Not a great new blog discovery, not a beautiful art print for this (2nd) Inspired Friday. Instead, it's something that's such a mundane and everyday part of my life, I hardly think about it.
That something is the MOMS Club, or at least my neighborhood's chapter of this international organization.
The MOMS Club has been much on my mind for the last week or so, though, because our neighborhood chapter has been very, very close to closing up shop and ceasing to exist. MOMS (moms offering moms support) has been a vital part of my adjusting to and feeling part of this community. When we moved here almost exactly five years ago, I knew no one, had a 2 year old daughter, and was expecting my 2nd child. Initially I was okay with things -- absorbed in outfitting and overhauling our new home, finding my way about town and preparing for the birth of my son.
Shortly after his birth though, I started to feel crazily isolated and miserable. I'd made no new friends, my neighbors were standoffish -- if they even acknoweledged us at all. (Five years in, the neighbors just to our right, across the greenbelt, have never spoken to me or my children.) The town, which still leans conservative, was even moreso back then -- Bush had just been re-elected to his 2nd term, I felt like we lived in Texas, for godsake, and I, who had initiated this "great idea" to relocate here, was full of regrets.
Now, I am not a joiner, and have never been too comfortable identifying myself with any particular group. But I was desperate for friends and a friendly face, friends whom I didn't need to load up and drive an hour back into Orange County to visit. Because I'm not a joiner and am basically an introvert, I had a tough time with the couple of informal, loosely organized play groups that I'd stumbled upon at local tot lots. The women were somewhat friendly, if a bit aloof, but still welcomed me to meet up with them at various parks around town. After two or three stabs at this, I gave up and let it go, sensing I was just not a good fit.
Enter the MOMS Club: an ad in a local paper announced that local chapters were having an "open house" at a park to attract new members. I figured that any club organized enough to hold an open house event must be pretty large and established, and so I went --- and joined up that very day. If nothing else, I figured that ponying up the $25 annual dues would force me to attend and try to participate. (Not that this idea works very well with my gym membship...).
I was immediately placed into a playgroup, joining 6 or 7 other moms who had children close to Lily's age. On a weekly basis, I was invited into the other women's homes, offered coffee and snacks and (initially) strained but adult conversation. My kids and I went to Halloween and Christmas parties, craft events and tours of pizza joints, grocery stores and the like -- along with the weekly playgroup.
My kids each made friends.
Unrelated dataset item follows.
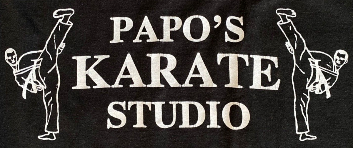 Vtg Papo's Karate Studio T Shirt-Black-Single Stitch Sleeve-XL-Martial Arts

Crazyily enough, even I made friends, and started to place a lot of names with a lot of faces in and around our neighborhood. A year into it, myself and another fairly new member were roped into serving as Co-Presidents of our chapter (each year there is an "executive board" of volunteers who keep the group on track).
Almost 4 years into my membership, the club is still a part of my daily life and routine. I'm currently the editor or our monthly newsletter, still in a playgroup with my son Tucker, and bump into women all over town who are friends, or at least passing acquaintences, because of our shared experiences in the club.
Earlier this month, I wrote a bit of a farewell/warning note to our members in the newsletter, stating that this was likely their last issue, ever. The term of the current board is ending, and nobody (besides me) had stepped up to be on the board for the 2009-2010 term. Getting volunteers to step up to what sounds like the scarily officious "executive board" is never easy in any given year. This year has been different, though -- the economy has forced a lot of stay-at-home moms back into the workplace, we enlisted NO new members, and a bit of taking-it-all-for granted apathy among our members have all contributed to the problem. Also, children get older and move on to play at the school yard, rather than in back yards, and this too has caused us to lose literally dozens of members of late.
But, as I learned today, there have been several eleventh-hour commitments garnered at the last minute, before the higher-ups in this huge organization had to take moves to officially disband our chapter. Even though part of me would be all too happy to give up the monthy chore of compiling the newsletter, and felt that the lazy laggarts in the club were getting what they deserved if the club shut it's doors.....
Still, I am happy by this news, and inspired by the women volunteers who have stepped up to help out again. Corny as it sounds, I'm touched that they, like me, value the club and the role it's played in our lives enough to keep this show running for at least another year. And I truly believe there are brand-new moms around here, moms whose families have scored great deals on some of these sad foreclosures around us, who are looking around in a bit of desperation for a friendly face and for just somewhere besides storytime at the library to take their kids to meet other children. Maybe even moms like me, who will look backward in a few years and marvel at how social and involved and busy they've become, all due to joining the MOMS Club.